Сталин вторгается в тексты Мандельштама по возвращении поэта в 1930 году из Армении (хотя и в Армении мысли о нем не покидали поэта: «ассириец держит мое сердце»). И тогда же приходит осознание, что новая жизнь – надолго: «Молодых рабочих татарские сверкающие спины…/ Здравствуй, здравствуй, могучий некрещеный позвоночник,/ С которым проживем не век, не два!» Это из стихотворения 31‐го года. «Татарвой» он называет народ и в «Сохрани» (друга и отца он бы так не назвал). И тогда же появляется стихотворение «Неправда» о «вхождении» в новую жизнь, что сравнивается с глухой русской избой, обиталищем Неправды: «Вошь да глушь у нее, тишь да мша, – полуспаленка, полутюрьма…», она же и гроб сосновый, и творятся там дела жуткие:
А она мне соленых грибков
Вынимает в горшке из‐под нар,
А она из ребячьих пупков
Подает мне горячий отвар.
Стихотворение написано в фольклорной, сказочной манере. Вот его начало:
Я с дымящей лучиной вхожу
К шестипалой неправде в избу:
– Дай‐ка я на тебя погляжу,
Ведь лежать мне в сосновом гробу.
Поэт как бы приглядывается к внезапно открывшейся ему русской жизни, осваивается в этом аду, где ему «все‐таки до смерти хочется жить» 470, хотя суждено умереть. Трудно не почувствовать в этих строках тот же, что и в «Сохрани», мотив отчаянного приятия российского ужаса, жизни‐неправды. Это приятие ужаса как нормы жизни, на которую он обречен, и толкает его в сторону фольклорного сказа, к стилистике страшной сказки.

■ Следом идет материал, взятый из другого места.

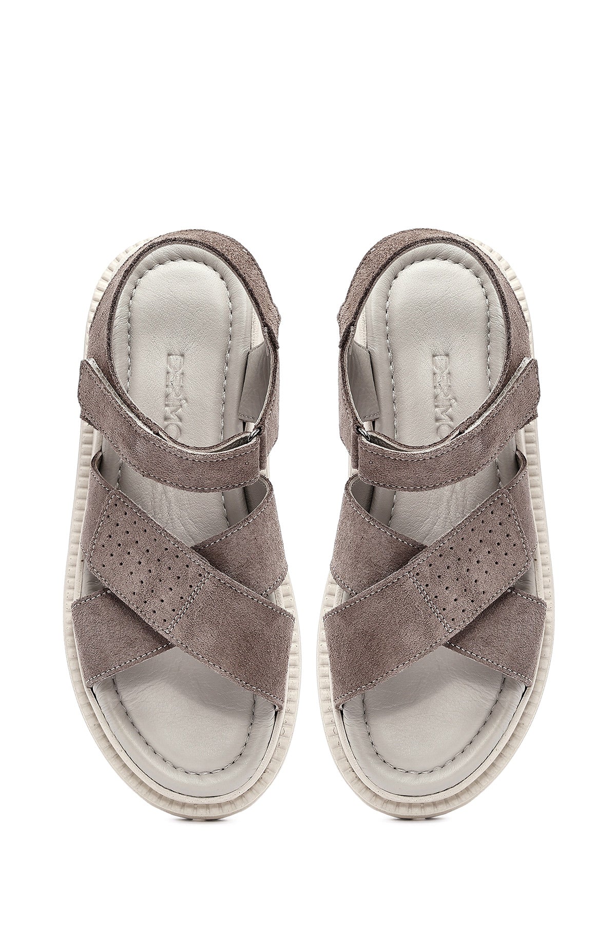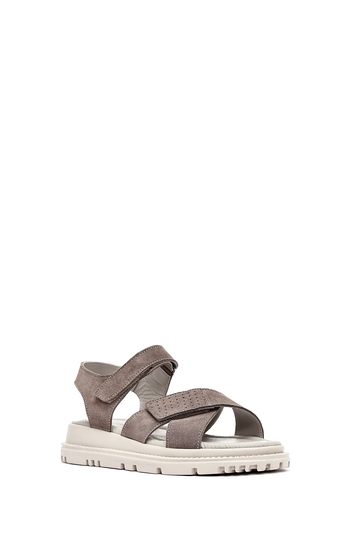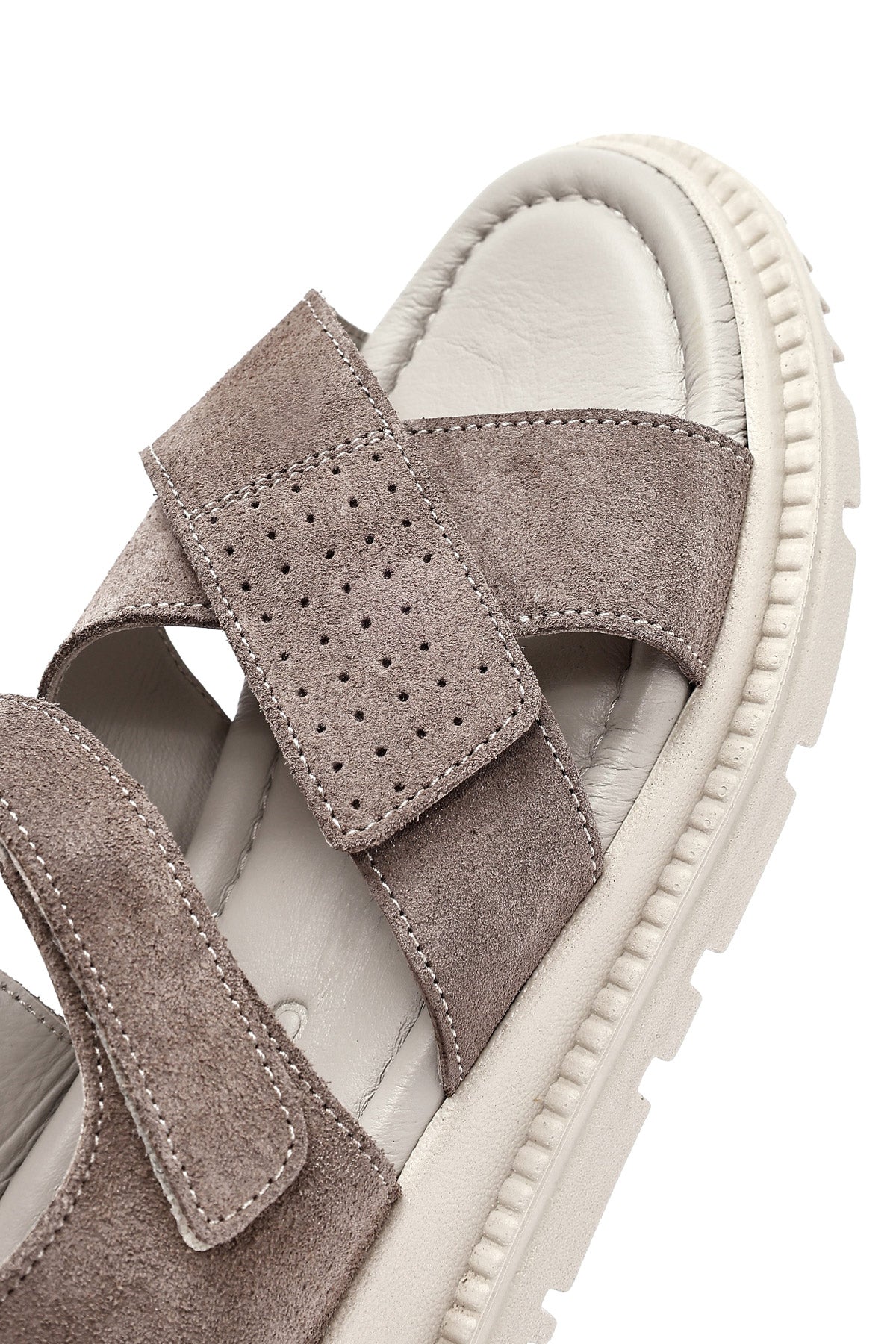 Kadın Vizon Çift Bantlı Süet Deri Sandalet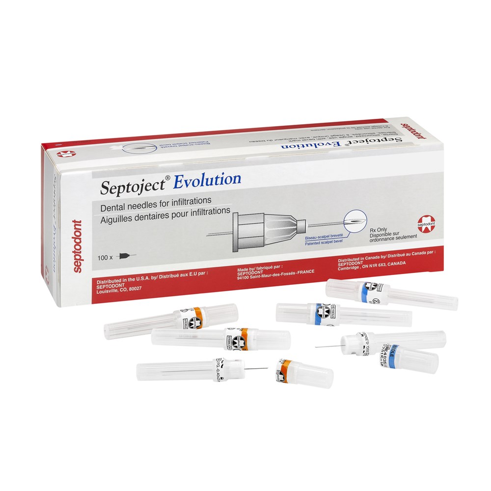 The innovative needle with a patented scalpel designed bevel. Septoject Evolution is engineered for a smoother penetration with less tissue displacement. This means less discomfort for your patients, even when used for multiple injections.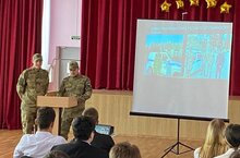 Активисты Центра "Форпост" совместно с ДПЦ № 6 "Зарница" Ильсур Хабипов и Никита Федореев в СОШ 4 провели урок Мужества.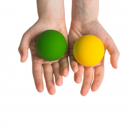 Кинезиологические мячи - цветные мячи без ворса, с высоким отскоком от пола. Размер – 6 см, оптимальный для ладони, в том числе и детской. Цвета однотонные, минимум 2 цвета. Базовые – зеленый, красный, желтый, синий.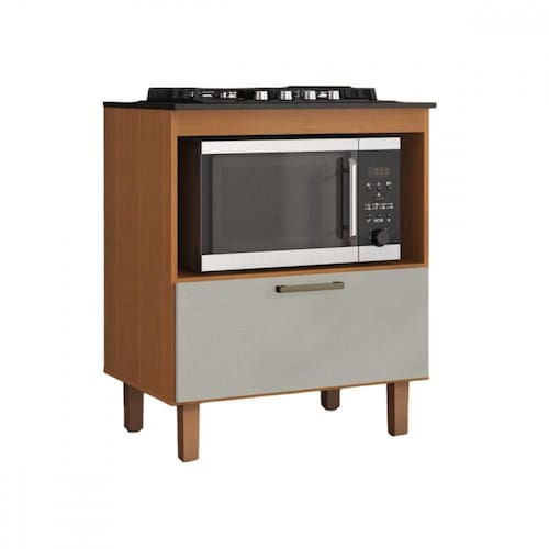 O Balcao Master para Cooktop e a escolha perfeita entre design moderno e funcionalidade! Ele possui um corte no tampo que e compativel com Cooktop de 04 bocas, nicho para forno eletrico ou micro-ondas, uma porta com dobradica metalica e articulador. Tudo proporcionando praticidade ao seu dia a dia, que ira deixar tudo a mao no momento mais gostoso do dia! Alem de possuir pes regulaveis para ajustar a altura.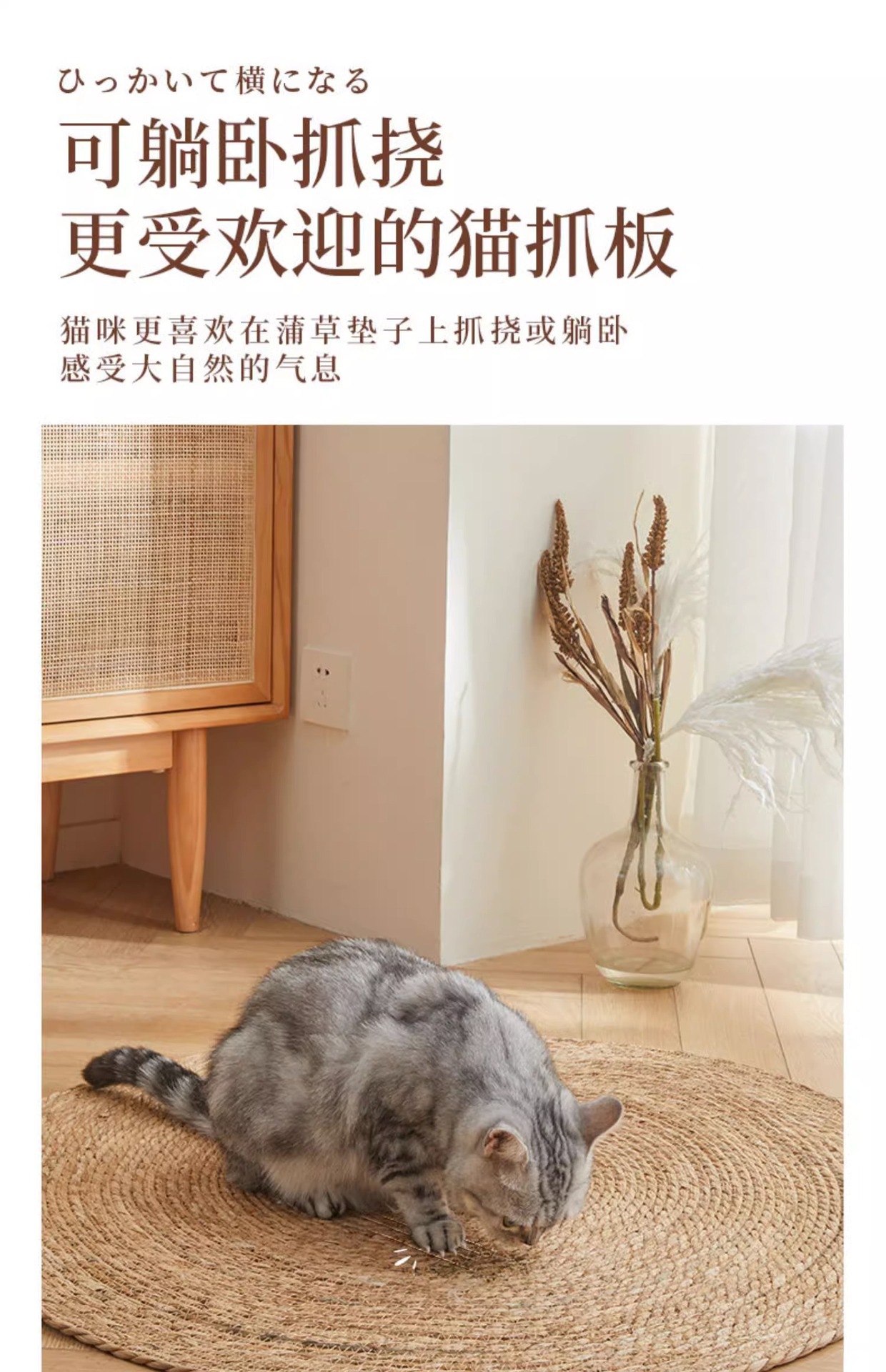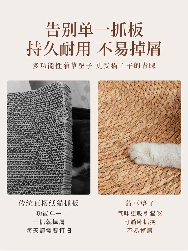 Cattail 고양이 스크래치 보드 대형 발톱 고양이 장난감 내마모성 긁힘 방지 고양이 수면 패드 긁는 분지 통합 고양이 둥지 등나무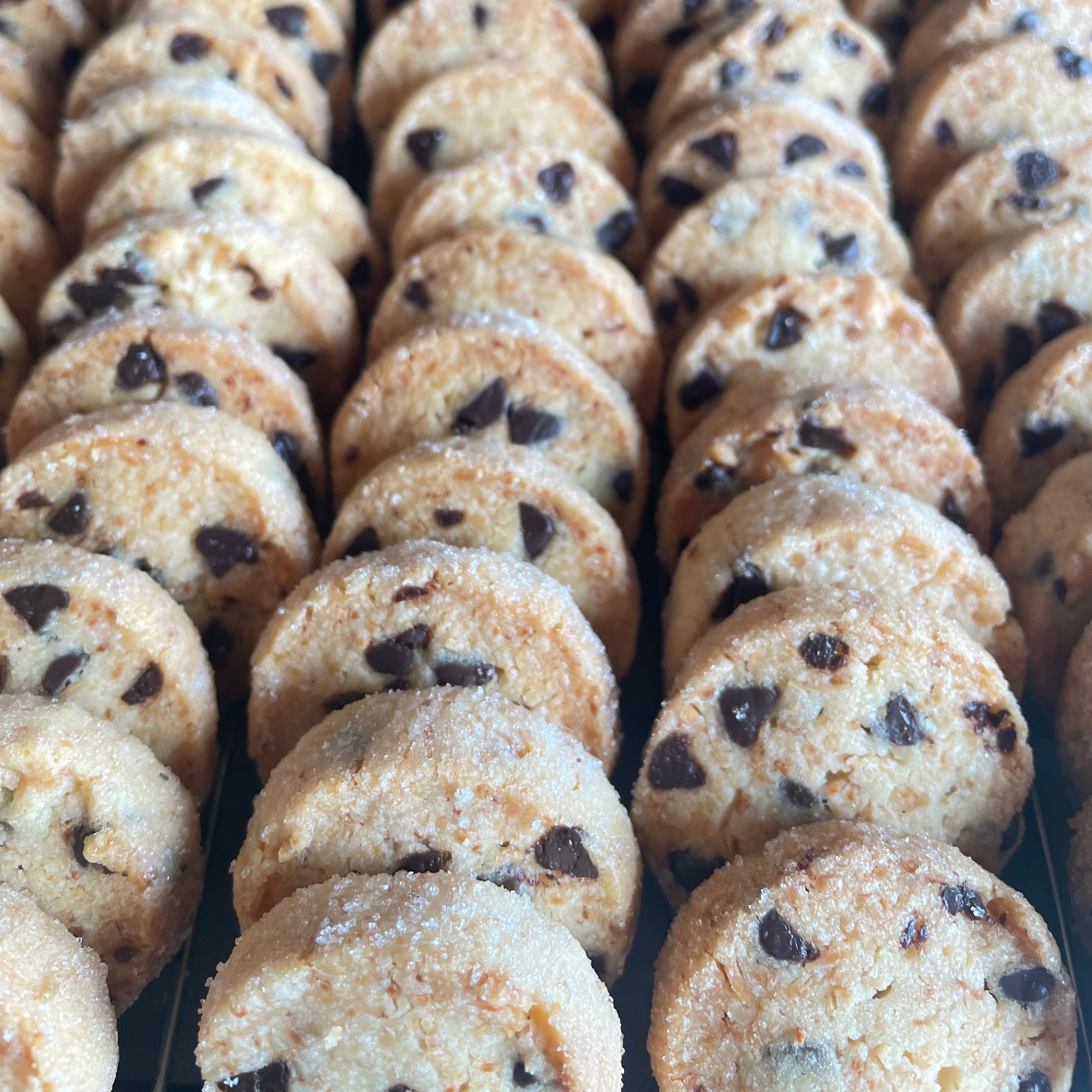 ローストしたココナッツの粉末とファイバー、たっぷりのチョコチップを混ぜ込んだココナッツとチョコのクッキー。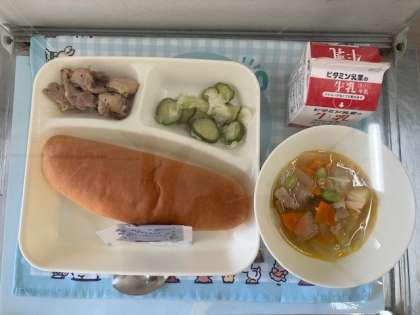 鶏肉のバジル焼きは、バジルの香りがよく食べやすく好評でした。児童はジャムをつけて食べるコッペパンが人気で1年生は完食でした。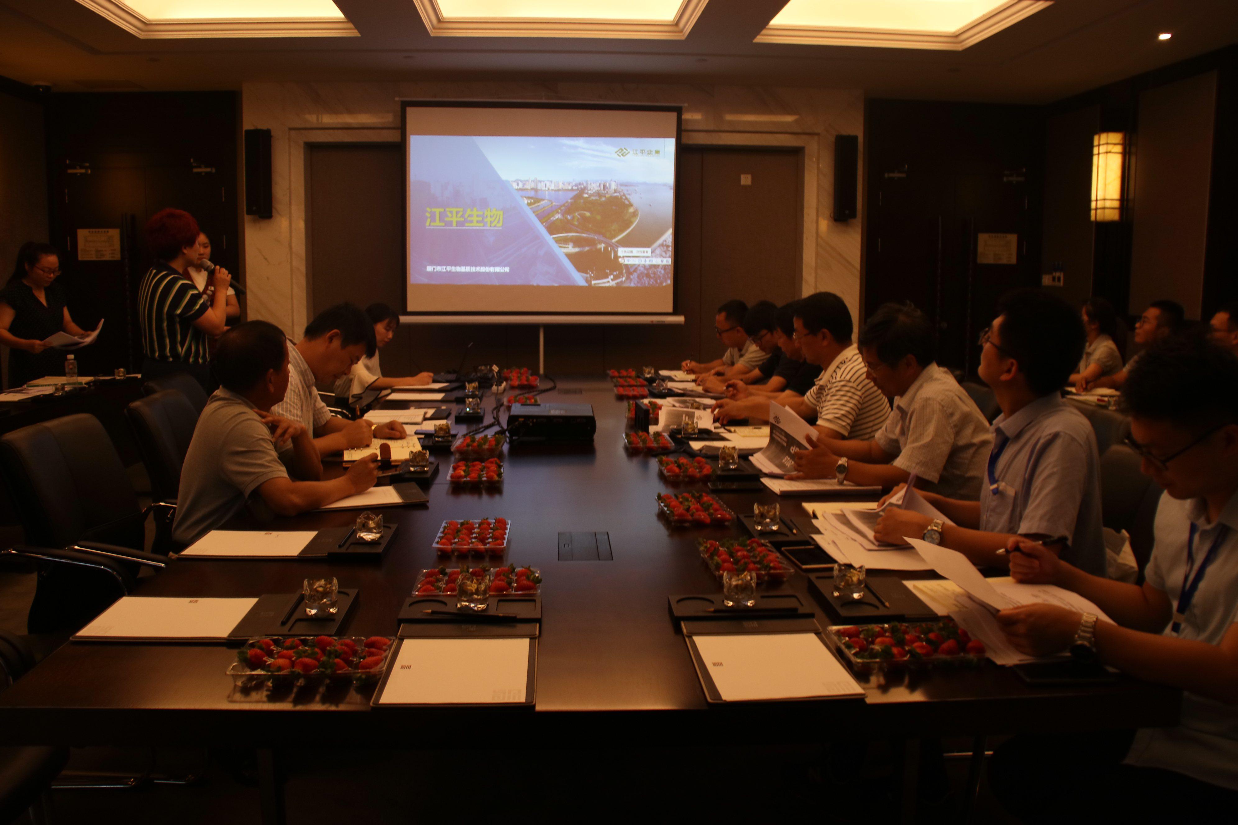 8月14日,湖里區禾山街道經(jīng)濟服務(wù)處駱炎輝主任一行走訪(fǎng)江平生物,夏江平董事長(cháng)進(jìn)行相關(guān)介紹。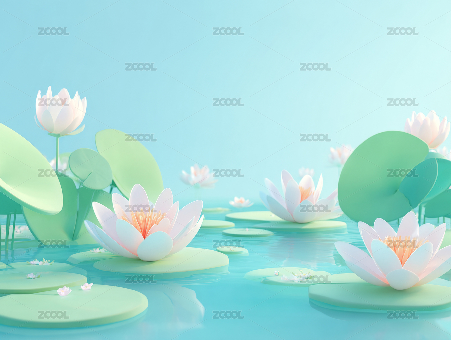 3D卡通荷叶荷花背景

В «Неправде» впервые появляется и намек на отца, хозяина этого народа, его языка и всех речей – Сталина: неправда названа шестипалой. Было ли у Сталина на ноге шесть пальцев никто, наверное, точно не знает, но миф об этом был распространен, и поэт за ним последовал 471.
А чуть раньше, но в том же 1931‐ом году, он пишет этапное (предчувствовал – загреметь ему по этапу) стихотворение «За гремучую доблесть грядущих веков» – тоже обращенное к Сталину.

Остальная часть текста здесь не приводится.